Copy out the data exactly as it appears, without a single image.

■ **DATA**

☆ ☆ ☆

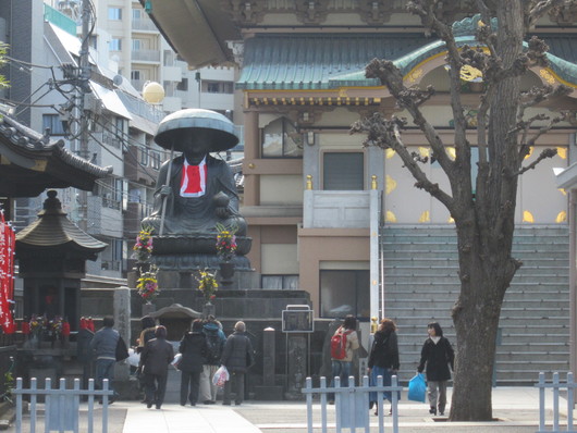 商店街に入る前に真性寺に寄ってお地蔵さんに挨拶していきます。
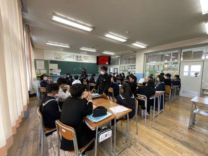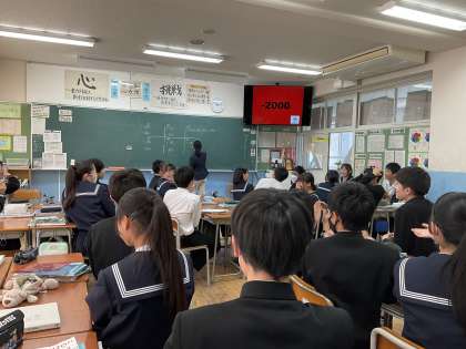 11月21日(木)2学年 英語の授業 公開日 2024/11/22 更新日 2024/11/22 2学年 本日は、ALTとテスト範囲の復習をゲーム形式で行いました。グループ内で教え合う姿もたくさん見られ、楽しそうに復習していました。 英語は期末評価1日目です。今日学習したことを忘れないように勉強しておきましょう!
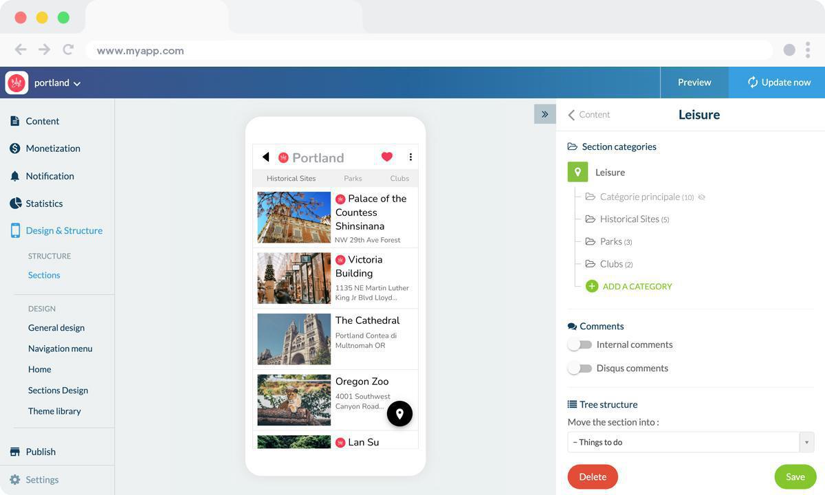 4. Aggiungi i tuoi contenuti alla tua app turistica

☆ ☆ ☆

■ **ANSWER TO THIS TASK**
 商店街に入る前に真性寺に寄ってお地蔵さんに挨拶していきます。
 11月21日(木)2学年 英語の授業 公開日 2024/11/22 更新日 2024/11/22 2学年 本日は、ALTとテスト範囲の復習をゲーム形式で行いました。グループ内で教え合う姿もたくさん見られ、楽しそうに復習していました。 英語は期末評価1日目です。今日学習したことを忘れないように勉強しておきましょう!
 4. Aggiungi i tuoi contenuti alla tua app turistica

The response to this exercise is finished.